Abstract

Rice panicle density is one of the essential bases for the automatic speed regulation of unmanned harvesters, making density detection crucial for intelligent upgrades. Currently, existing methods for detecting rice panicle density do not meet actual harvesting scenarios and struggle to meet real-time requirements. To address this, we developed a real-time rice panicle density detection method for unmanned harvesters. This method includes a panicle detection model based on YOLOv5n (RP-YOLO) and a rice panicle density calculation based on coordinate transformations. RP-YOLO was optimized through various techniques, such as enhancing the target detection head, reconfiguring the backbone network and downsampling module, introducing an attention mechanism, and refining the loss function.
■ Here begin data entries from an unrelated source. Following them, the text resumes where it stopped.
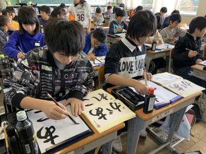 筆の穂先の動き、線と線のつながりに気をつけて練習をしています。「こ」「か」などのでは、特に大切ですね。「あ」「れ」では筆の動きを止めて、折り返す筆使いが必要です。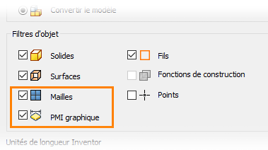 Vous pouvez désormais importer des données PMI graphiques à partir d'un fichier STEP 242. Pour cela, sélectionnez l'option PMI graphique.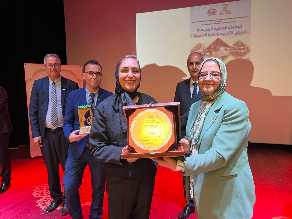 وبعدها أشرف الوفد الرسمي على تسليم الميداليات و الكؤوس على الفرق الفائزةبالبطولة الوطنية المدرسية لسباق التوجيه والكرة الحديدية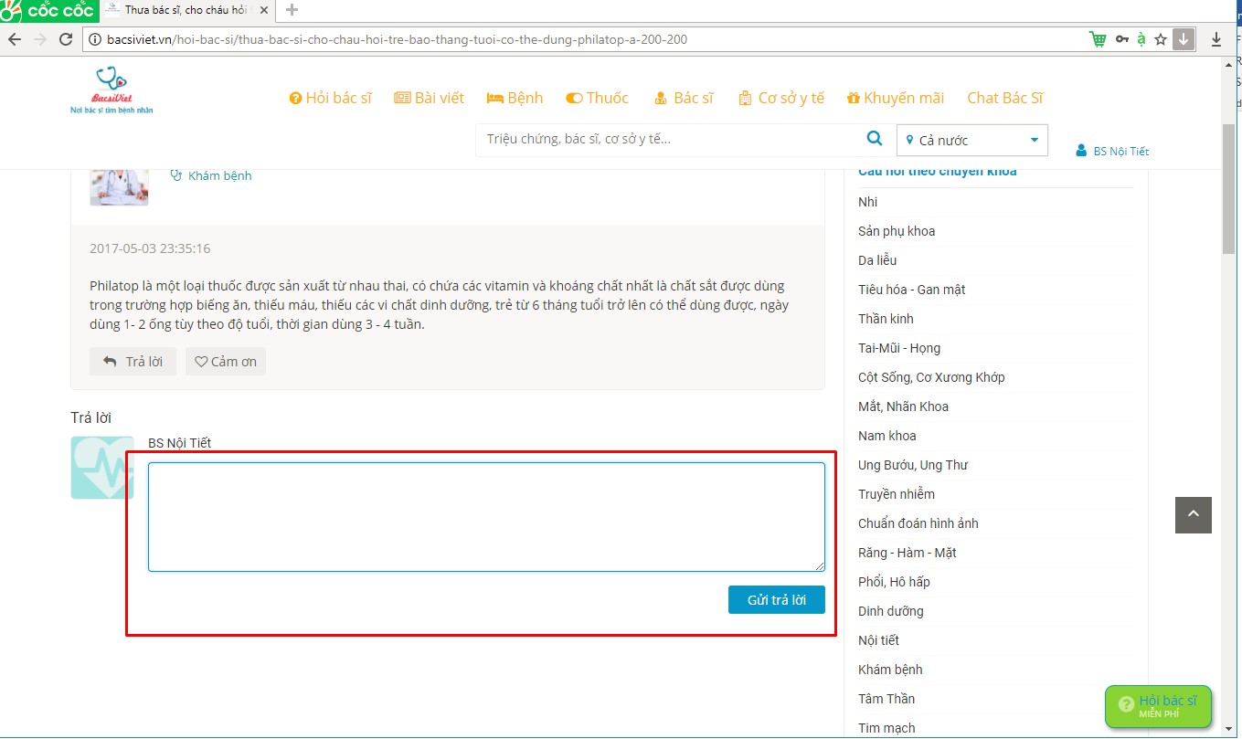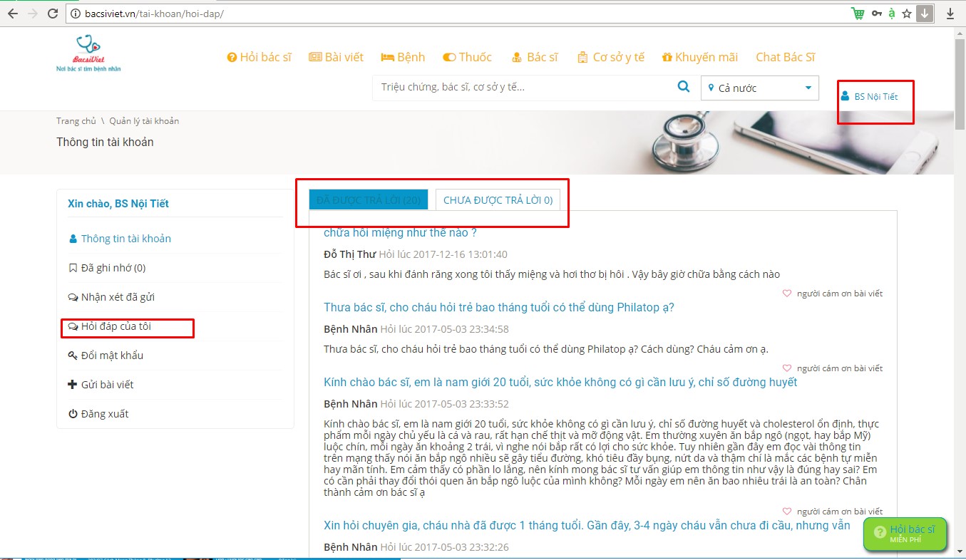 Login vào tài khoản của mình rồi vào menu Chat bác sĩ

Based on coordinate conversion, we converted the world coordinates of the detection frame vertex to image coordinates and calculated the panicle density. We established the RP-1668 dataset for japonica rice and trained and tested the model. Compared to the original YOLOv5n model, our modifications reduced floating-point operations per second (FLOPs) by 33.33 %, decreased model size by 31.90 %, increased detection speed by 12.63 %, and improved accuracy (AP0.5) by 3.82 % (AP0.5:0.95, 6.96 %). RP-YOLO achieved superior accuracy and detection speed compared to both conventional lightweight and non-lightweight models. In field applications, the error in density detection was less than 10 % compared to manual counting, and the results clearly reflected changes in rice panicle density. For a 1.4 m × 1.0 m rice field imaging area (with a resolution of 2560 × 1280), the method detects at 15 fps on an on-board industrial computer, providing reliable data support for adjusting the operating speed of driverless harvesters.